It never saturates due to continuous replacement.
That's what I said. Continuous replacement is a steady state that will not require the same cadence that was needed to build the constellation(s).
Pick some arbitrary numbers to get a rough-order-of-magnitude estimate: 10,000 satellites, two year replacement cycle, 50 satellites per launch.  That's 100 launches per year. You can do that with a single reusable launcher, and that launcher will take ten years to hit 1000 reuses.
Yes, it will. They need about the same launch rate to launch the constellation as to maintain it because they’re planning on relaunching the constellation every 4 years or so for upgrades.

Starship does about 50 Starlinks per launch, the larger constellation will need about 1000 launches every 4-5 years, or about up to 200 launches per year.
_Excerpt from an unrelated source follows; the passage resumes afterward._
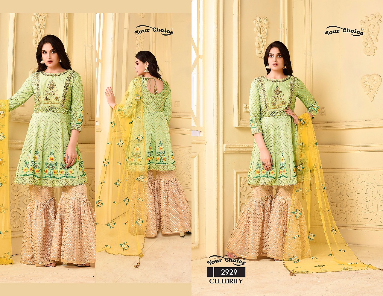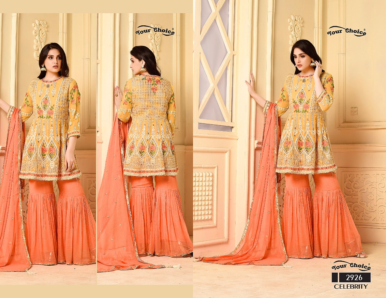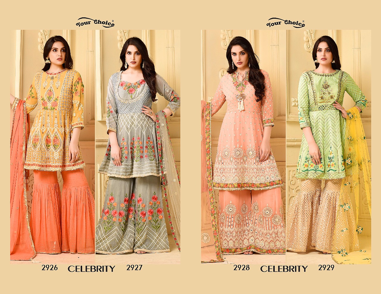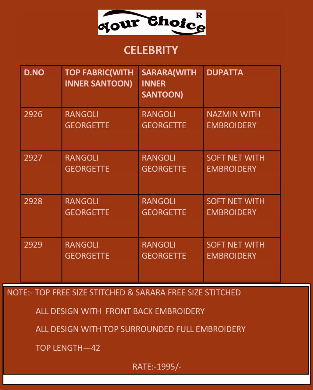 Buy Online Celebrity By Your Choice Rangoli Georgette Designer Sarara Suits Wholesale Supplier And Dealer Nityanx Surat 4 Pcs of Full Catalogue at Wholesale Price. Looking for Celebrity By Your Choice Rangoli Georgette Designer Sarara Suits Wholesale Supplier And Dealer Nityanx Surat Full Catalouge at Best Price? Buy Now Celebrity By Your Choice Rangoli Georgette Designer Sarara Suits Wholesale Supplier And Dealer Nityanx Surat at Wholesale Rate of Rs 7980 with Total 4 Pcs from authroized dealer and supplier of YOUR CHOICE Brand. Cost of Each piece is just only Rs 1995 which is very low and affordable price to resale the product in your retail store ,This is Surat based Wholesale Supplier & Dealer of YOUR CHOICE Brand. Click on Brand name to Know more about YOUR CHOICE Brand's products.Call or Whatsapp on 9898838984 for booking or enquiry
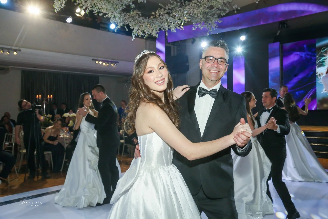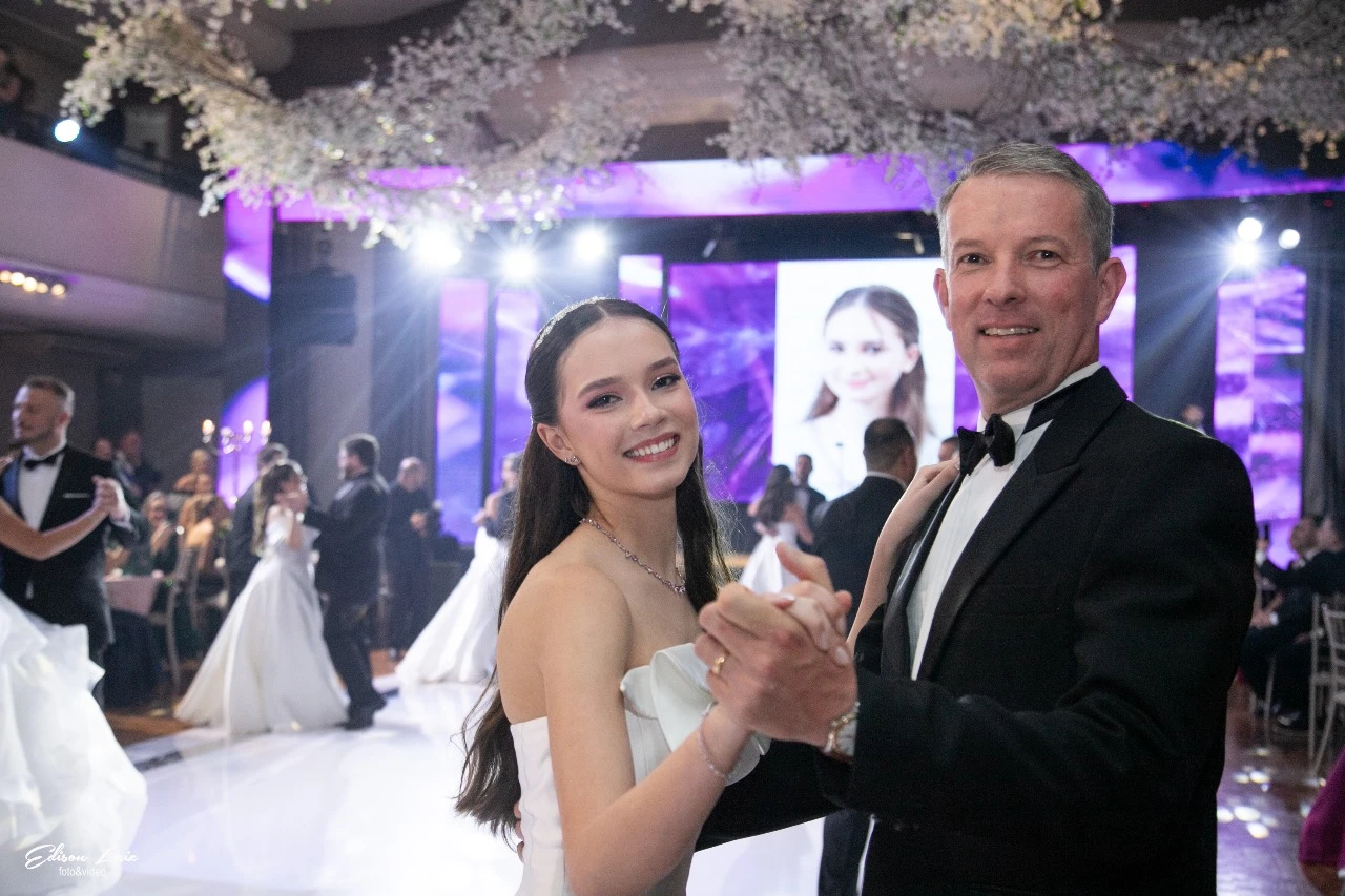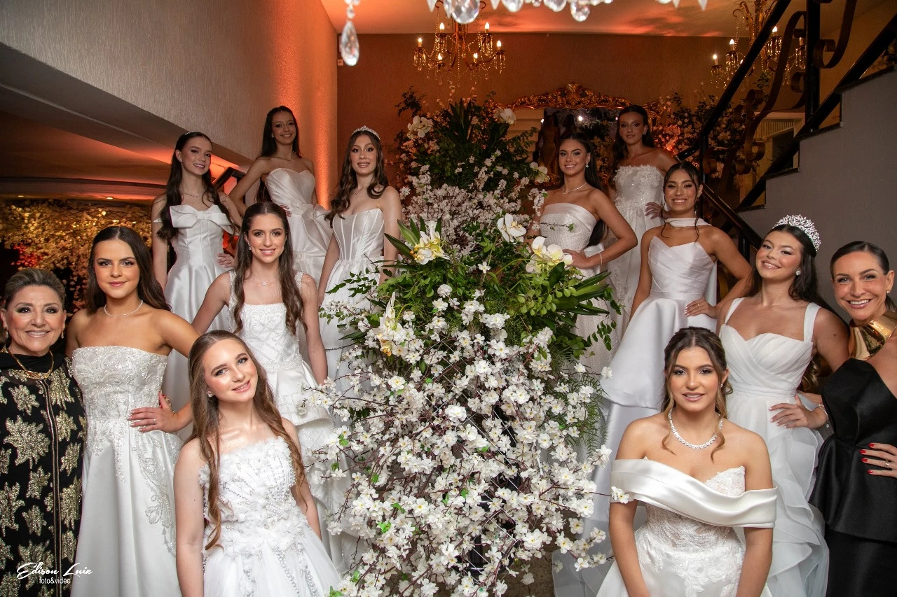 O salão, transformado em um verdadeiro espetáculo de luzes, revelou uma decoração deslumbrante, que arrancou suspiros e deu o tom de uma noite inesquecível. Tudo foi cuidadosamente preparado para receber as lindas jovens que, cheias de graça e emoção, viveram um dos momentos mais marcantes de suas vidas.

Starship is also planning about a dozen launches per Artemis mission, and if you do a crewed and uncrewed flight every year, that’s about 25 more launches per year. The 1000 flights per year is if you increase the flight rate significantly and go to Mars. If you visited a lunar base with Starship missions as often as ISS is visited today, that’d be about 100 launches per year. So a total of 300-400 launches per year seems to have reasonable demand. Mars missions to build a sizable settlement could easily require thousands or tens of thousands of flights per year.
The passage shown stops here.